Opinion

The House of Motherly conversation with Amanda Lino

Fighting her way home

Jane Linley-Thomas|Published

Media personality and podcast host Jane Linley-Thomas.

Image: Supplied

THIS week in The House of Motherly conversation, we visit the Gym with Amanda Lino the first South African woman to become a double-division EFC Champion, a world-title holder, and a professional MMA fighter and coach. A woman whose life has unfolded inside her body, inside external expectation, inside shifting identity, inside the public gaze, inside the cage, and ultimately, inside her own return home.

Amanda speaks with striking honesty about the season of her life where she felt lost, misaligned, and strangely disconnected from herself. Her inner world, her body, and her spirit were not speaking the same language, an almost disorientation that at some time or other has felt is familiar to many of us those moments where the stories we’ve told ourselves no longer fit.

But the journey back was not linear. Nor was it soft. Nor was it slow. Amanda’s homecoming required unlearning, confrontation, and the kind of deep, rigorous interrogation of self that many of us postpone for years, even decades. Her physical journey back to strength, discipline, and honesty became the doorway not to perfection or external validation, but to belonging  and I not belonging to a title, a role, or an expectation, but belonging to herself.

In the gym, a room of strength and push of truth-telling, connection, and courage  we explore topics many women navigate silently.  This conversation is honest and vulnerable as Amanda talks about sexuality and how the world reacts to a powerful woman who refuses to shrink herself for comfort. Amanda shares candidly how men have approached her, how women have responded to her, and how society often struggles to categorise a woman who is both feminine and formidable. A woman who carries power openly, not politely tucked away.

Her story becomes an invitation to consider the courage it takes to show up differently in a world that desperately wants you to conform, to soften, to be smaller, quieter, and easier to digest. But Amanda never chose easy. She chose truth. She chose alignment. She chose to arrive in her own life with both feet planted firmly on the mat of self-respect.

We talk MMA. We talk victories. We talk about the cage that crucible where she met both her power and her fear. And she shares a moment many high achievers never admit out loud: the dissatisfaction that met her at the top. When she won a major title and realised that the “feeling” she had been chasing the one she thought would complete her, validate her, or make her feel finally worthy simply never arrived because the win, she now understands, was never the point. The title was not the meaning.
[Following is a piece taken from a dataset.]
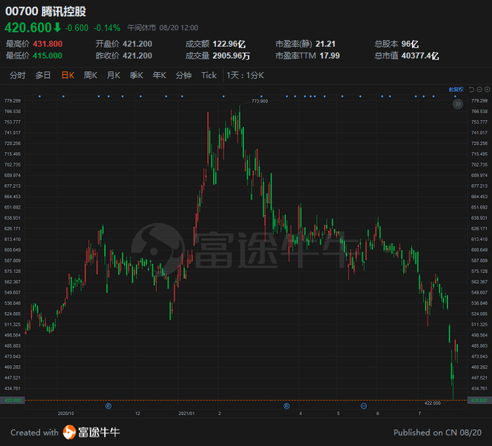 近段时间,腾讯股价近乎腰斩,从高点的773.4港元下跌至420港元附近,跌幅超过了45%,市盈率也已跌至17倍,位于历史低点。面对大幅回撤,腾讯在8月19日(本周四)回购18万股公司股份,涉及资金7696.5万元,每股回购价介于419.4至435.2元。

Meaning came later, and in a much quieter room. It came in mentorship. In teaching. In guiding others back to themselves. In passing on the wisdom she earned through sweat, heartbreak, discipline, and deep inner excavation. It came in watching young fighters, students, and women walk into her gym unsure of their bodies, their voices, their confidence and slowly find themselves through the work. That, she says, is where legacy lives.

Amanda Lino’s true legacy is not measured in championship belts or fight statistics. It is measured in what she chooses to hand down. In the rooms she creates for others. In the safety she offers. In the strength she teaches. In becoming the woman she once needed the woman she was searching for when she stood at her own crossroads, wondering where she belonged.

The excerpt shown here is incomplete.